L’orchestra e il coro del fu teatro, mezzo ineludibile per essere struttura di

produzione, smobilitano senza che nessuno, né tanto meno i partiti politici

e le organizzazioni sindacali, capiscano che non è il caso di aggiungere

alla distruzione materiale la distruzione artistica e professionale. La musica

colta locale entra pertanto in un oscuro tunnel che non lascia speranza e

solamente le storiche associazioni musicali private cittadine (Camerata,

Collegium Musicum, Fondazione) continuano a reggere la sfida ora

diversificando al massimo le loro proposte e forse un po’ imitando quel

Petruzzelli degli anni Ottanta con programmazioni ballettistiche, di jazz e

recital di cantanti di musica leggera. Resta insoluto l’affaire della

ricostruzione dell’«immobile» che si scopre ferito, ma non a morte. Infatti,

le strutture esterne hanno resistito al fuoco e la sola sala interna è solo

fortemente danneggiata al contrario della cupola imponente e bellamente

affrescata in puro stile liberty che è tutta crollata.

Si inizia un balletto senza fine con ministri, direttori generali del

competente ministero, ispettori della Soprintendenza che si succedono

escogitando soluzioni improbabili per una soluzione che invece è sotto gli

occhi di tutti. La questione è sempre la solita: può un bene culturale storico

e di uso pubblico, per di più governato per la gran parte grazie a danaro

pubblico, continuare a restare in mano private? Tuttavia con

un’improvvisa svolta, alla fine del 2006 e facendo leva sul dato storico che

il ‘Petruzzelli’ sorgeva e sorge su suolo pubblico, si dà corso all’esproprio

forzato del bene materiale e si avviano i lavori di ricostruzione col

concorso, appunto, degli enti locali e del ministero dello Spettacolo.
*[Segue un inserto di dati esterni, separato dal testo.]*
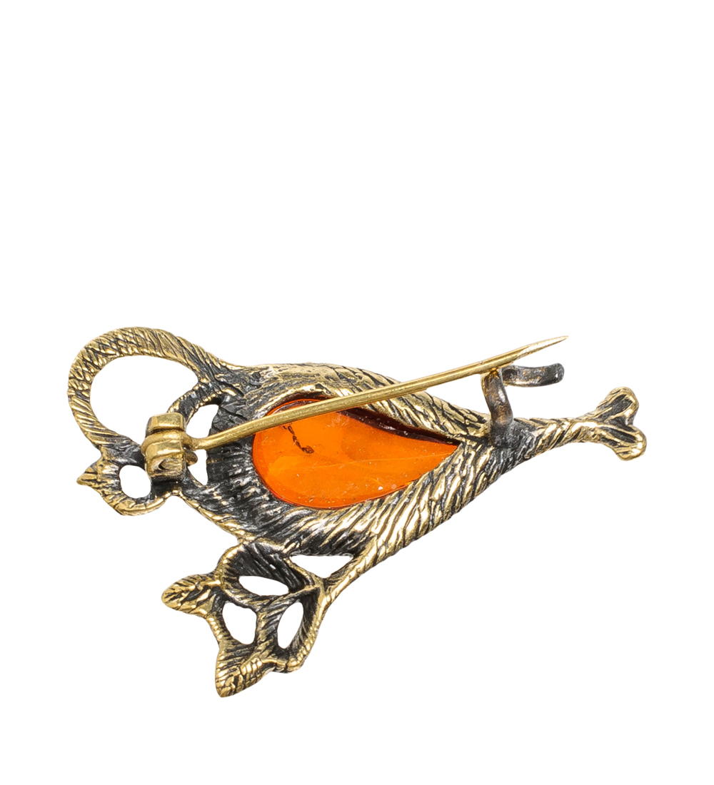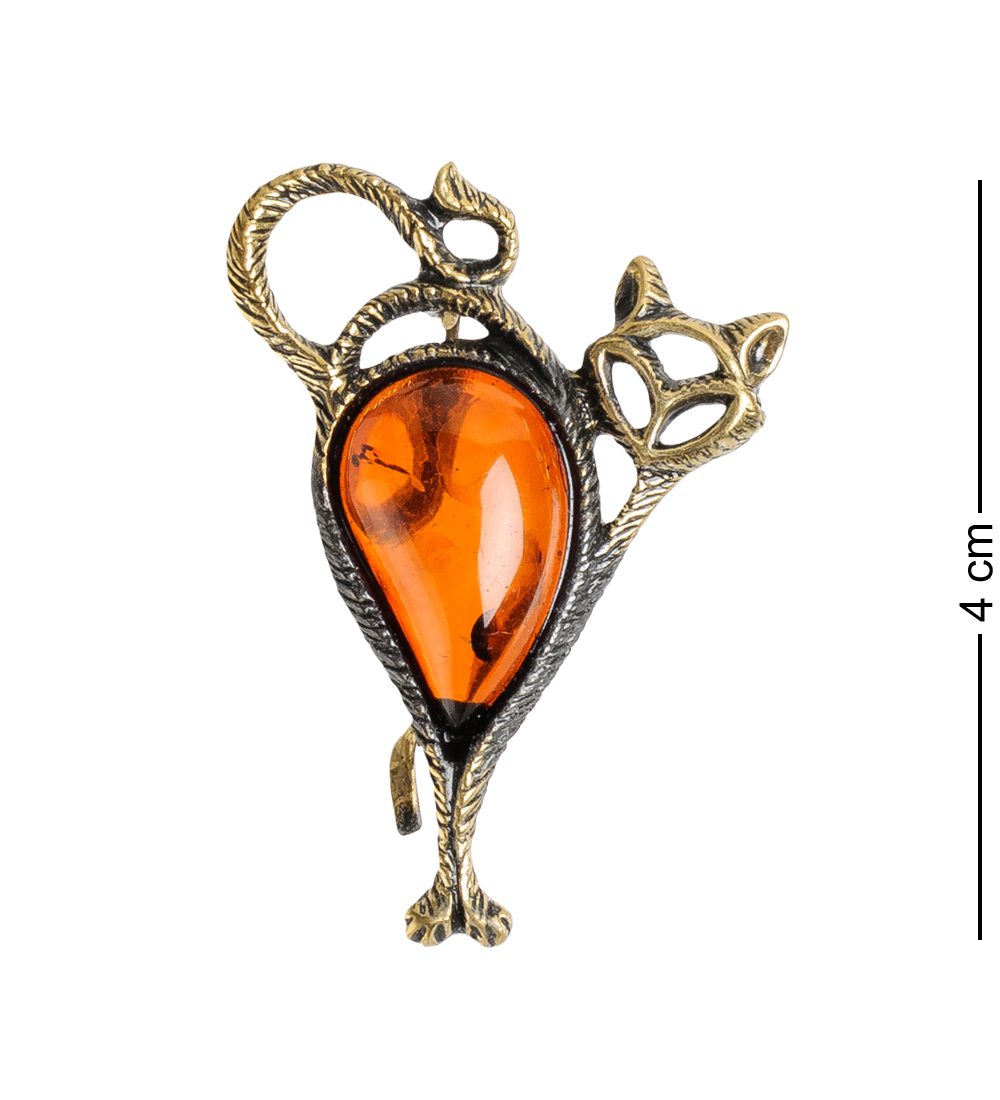 Am-1637 брошь кошка капля (латунь, янтарь)
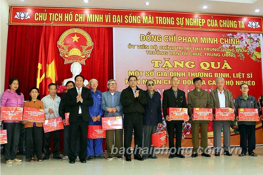 Nhân dịp này, đồng chí Phạm Minh Chính tặng quà 120 gia đình chính sách, hộ nghèo, nạn nhân chất độc da cam trên địa bàn huyện Kiến Thụy.
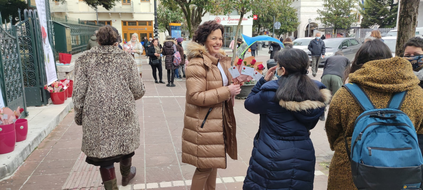 Από το πρωί η είσοδος του δημαρχείου στολίστηκε, το ΔΗΠΕΘΕ μερίμνησε για την μουσική και από την εντεταλμένη σύμβουλο Γιάννα Μαμακή και εθελόντριες του Μητρώου που έχει δημιουργήσει ο Δήμος διανεμήθηκαν δεκάδες κόκκινα τριαντάφυλλα σε γυναίκες κάθε ηλικίας.
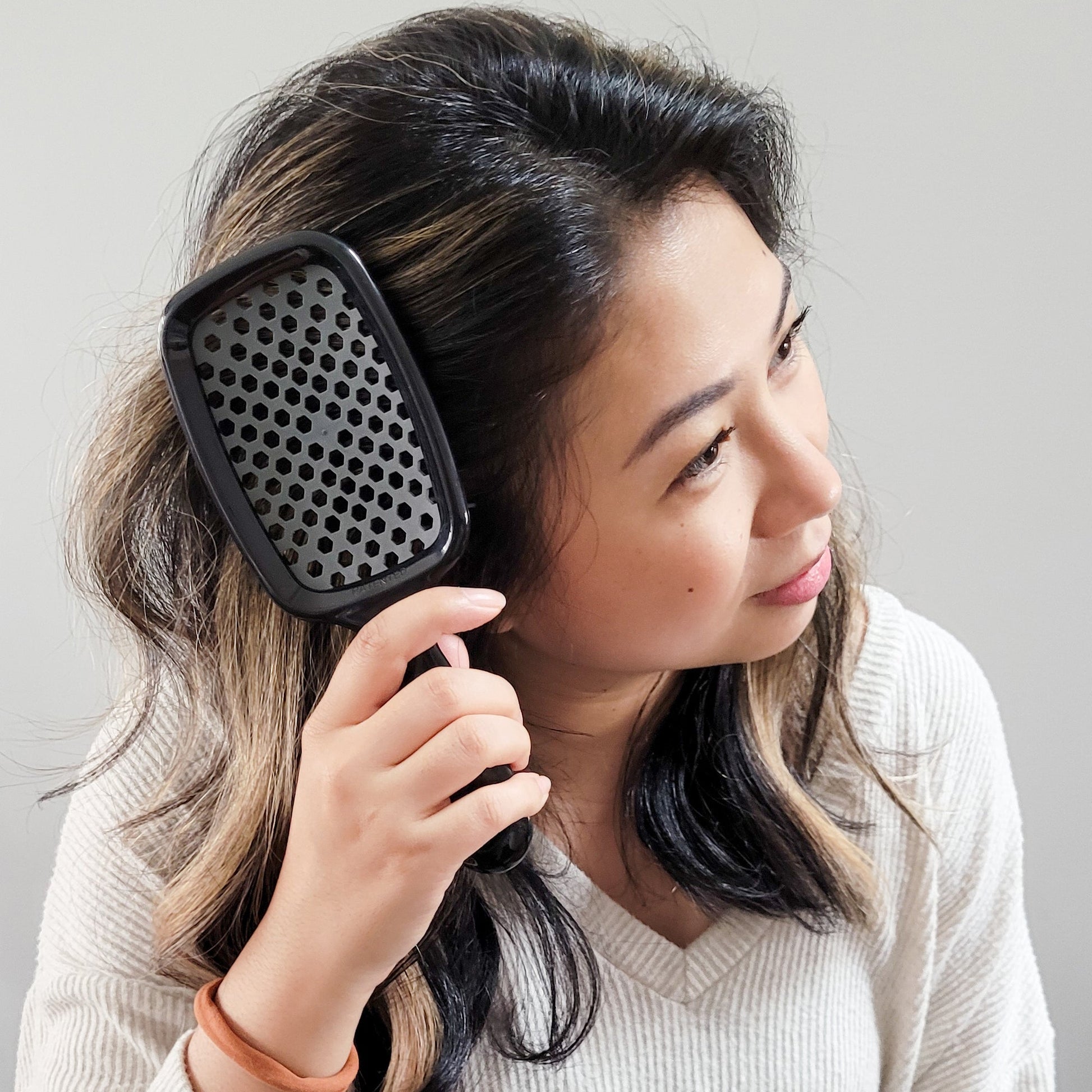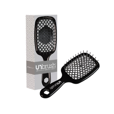 UNbrush® - Moonlight Grey gently yet thoroughly extracts knots and tangles from even the most unruly hair, painlessly and effortlessly. Featuring the perfect blend of 105 dual length bristles, combined with an ultralight high performance handle, UNbrush® helps reduce styling time and prevents hair from catching. Great for wet or dry hair.

Una

accelerazione che porta in breve, e insperatamente, al risorgimento del

teatro: esso rivive sulle proprie ceneri come araba fenice e viene riaperto

alla fine del 2009 dopo un riuscito restauro totale: il nuovo Petruzzelli

degli anni Duemila passa quindi, e totalmente, alla mano pubblica. Esso

può in tal modo finalmente entrare nel novero delle Fondazioni Lirico-

Sinfoniche italiane tenendo ferma la caratteristica portante della sua

attività che, per legge, deve essere esclusivamente legata alla produzione

di opere liriche e di concerti sinfonici. In un certo senso dunque, si torna

indietro, all’oggi di una rassicurante «quiete dopo la tempesta».